Поймала проклятие – а это было именно оно – за самый хвост. Зато теперь стало понятно, почему магия этого светлого на всю голову не брала…

– Где ты умудрился подцепить смертельное чернословие высшего порядка? – поинтересовалась я светским тоном, меж тем завязывая узелок из кончика нити так, чтобы зафиксировать ту на поверхности тела.

– Наверное, там же, где и тебя, – на том свете, – отозвался раненый.

– И как же ты оттуда вернулся? – поинтересовалась я, проигнорировав едкое замечание в мой адрес.

– Вернули… Одному магу нужно было узнать пределы силы нового регенерационного заклинания, и для этого требовались… подопытные.

– Судя по тому, что ты жив, опыт удался? – заметила я.

– Да, – мрачно ответил пепельный и добавил: – Если один из двух сотен – это однозначно удача. Кроме меня, это заклинание не смог перенести ни один… Все сгорели в энергии магической жилы.

– Жилы? – переспросила я, нахмурившись.

– Да, та выходила наружу как раз в подвале лекарского корпуса. Умирающих спустили туда и…

Супруг сглотнул, прервав сам себя, и я за него закончила:

– …присоединили к жиле, чтобы та питала заклинание. Но природная сила – слишком сырая, неконтролируемая. Поэтому, полагаю, она сожгла плетение, а за ним и тела… добровольцев? – я постаралась подобрать тактичный синоним к «подопытным».

– Да. То, что я не сдох, назвали статистической погрешностью и чудом, – холодно закончил пепельный.

– Это было не чудо, а смертельное проклятие, – возразила я. – Оно-то и спасло тебе жизнь, вобрав в себя излишки силы дикой магической жилы…

После этих слов раненый упрямо сжал губы, ничего не сказав. И по этому его молчанию стало все понятно. И я не удержалась от вопроса:

– Многих потерял?

– Выжила одна треть из нашей сотни…

Со мной такое случалось нечасто – когда я не знала, что сказать. Утешать я не умела, сочувствовала – не лучше… Потому невольно вырвалось:

– Никто из нас не вечен. И когда-нибудь ты встретишься с теми, кого потерял, там, за гранью. Но пока есть возможность жить – живи. И так ярко, чтобы демоны тебе завидовали!

– Звучит как девиз, – усмехнулся пепельный.

– Вообще-то это тост, – поправила я. – Его в канун Новогодия всегда произносила моя прабабка за семейным ужином.

– И как она жила? Ярко? – полюбопытствовал раненый.

– Почему жила? – приподняла я брови. – Живет до сих пор.

– И в чем же секрет ее долголетия? – полюбопытствовал пепельный.

– Овсянка и прадед, – охотно ответила я и пояснила: – Овсянка – для крепкого сердца, а прадед – для всего остального.

Прозвучало это так двусмысленно, что я как-то разом вспомнила, на чем я сижу, а главное – в каком виде…

Так. Засиделась я что-то…

Медленно, чтоб не потревожить рану, начала вставать и…

– Ай! – вырвалось непроизвольно.

Все оттого, что мои каштановые волосы умудрились перепутаться со светлыми, а я, в свою очередь, напрочь об этом забыть. Так что пришлось потратить время, распутывая колтун, стоя при этом в позе вопросительной руны.

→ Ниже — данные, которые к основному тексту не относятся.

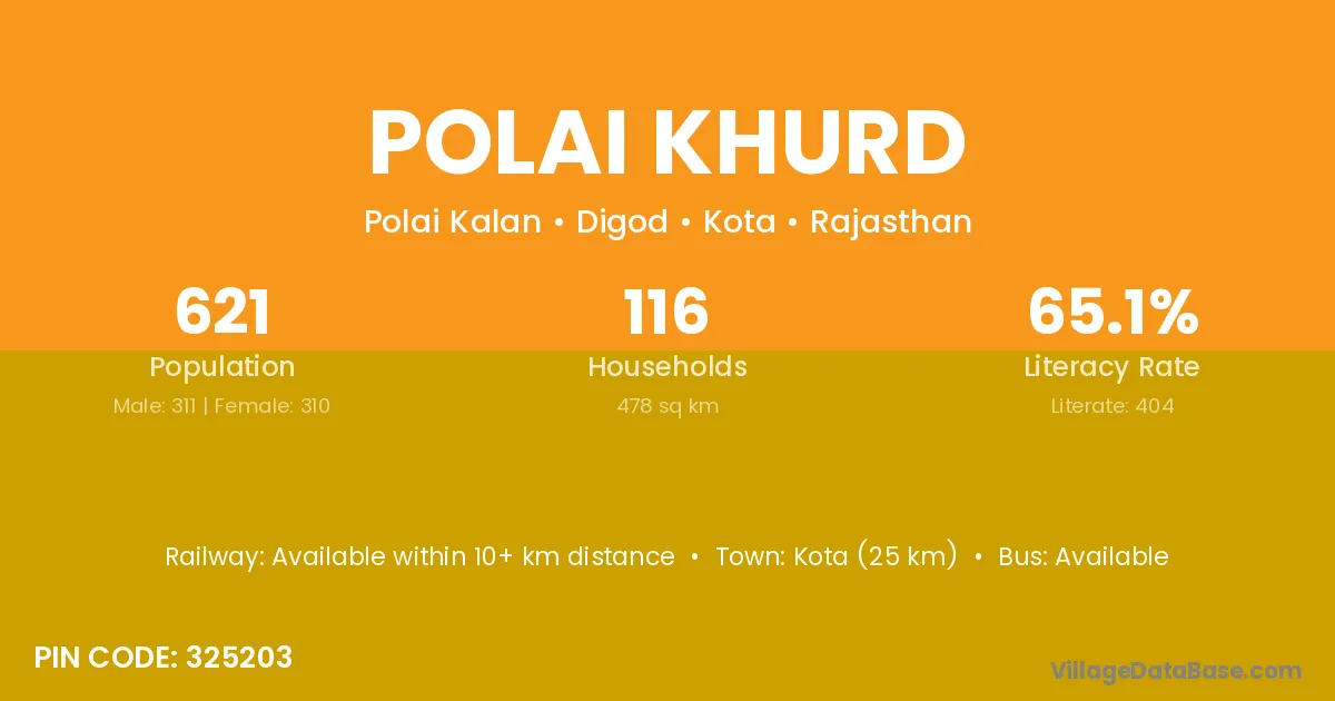 Polai Khurd village has a total population of 621 people, of which 311 are males and 310 are females.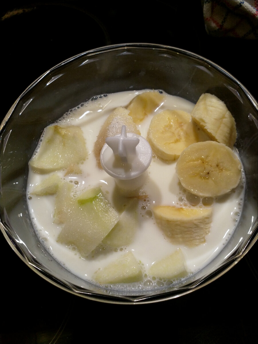 Всем привет! За окошком светит солнышко, замечательное настроение, захотелось приготовить вкусный и полезный напиток. Сразу же в голову пришла мысль о смузи. Сегодня будем готовить бананово-яблочный смузи Ингредиенты: Банан - 1 крупный Зелёное яблоко - 1 крупное Молоко - 250 мл Сахар - 2 ст.л Приготовление: Фрукты моем, очищаем от кожуры, у яблока удаляем сердцевину. Все ингредиенты помещаем в чашу. Измельчаем блендером, пока консистенция не станет однородной. Смузи готов, перелмваем в стаканы. У меня получилось 3 небольших стакана. Приятного аппетита! P/s: если вам понравился рецепт, ставьте лайки, добавляйте комментарии. Подписывайтесь на мой канал. Впереди ещё много интересных рецептов!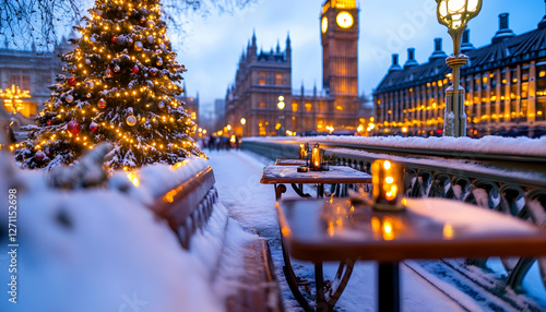 Christmas tree, Big Ben, and tables covered by snow. Travel photo for winter holiday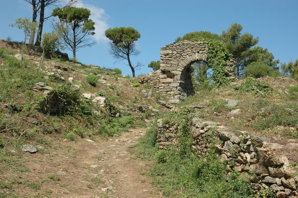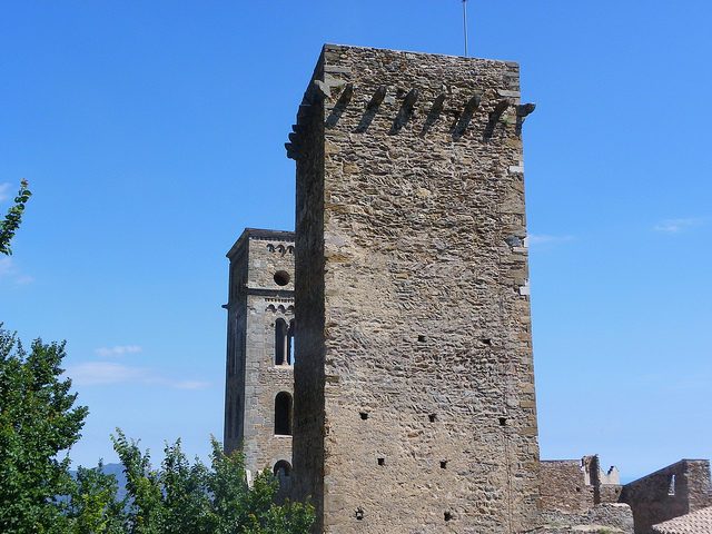 The remains of this medieval town are few. A handful of abandoned houses, two towers, and its crown jewel–the church of Santa Cruz de Rodes (Santa Creu de Rodes in Catalan). All of the structures are built mostly from stone and wood as this is a very old settlement. The two towers are located at the entrance of the town with a clear purpose: to watch for approaching foreigners and for defense. Between the towers there used to be an arched gateway that served as the official entrance to town. The large wooden gate was supported by the arched gateway, constructed of both wood and carved stone. An existing trace of a paved road dividing the town in half and leading straight to the church is still visible.

Наконец я выпрямилась, одернула юбку, чувствуя, как в груди под заинтересованным и немного насмешливым взглядом пепельного рождается доселе неведомое чувство – смущение. Чтобы задавить его в зародыше, напустив на себя деловой тон, произнесла:

– Тебя надо зашить еще раз и перевязать, а потом вытащить проклятие. Иначе рана снова разойдется. Так что я сейчас схожу за лекарской котомкой и вернусь…

С этими словами я развернулась на пятках и уже сделала шаг к лестнице, как мне в спину прилетело:

– Рангер…

– Что? – Я невольно остановилась и обернулась.

– Меня зовут Рангер, можно просто Ран, – повторил пепельный и приподнял бровь. С намеком так приподнял.

Пришлось вынужденно ответить.

– Веризия… Изи Дэйрис, – представилась я по привычке уже новой фамилией.

– То, что Дэйрис, я в курсе, – усмехнулся этот невозможный пепельный. Вот ведь язва!

Хотела ответить что-нибудь ехидное, чтобы оставить последнее слово за собой, но решила: я девушка экономная, поэтому не стоит транжирить словарный запас на всяких доходяг. Так что лишь гордо вскинула голову и направилась к лестнице.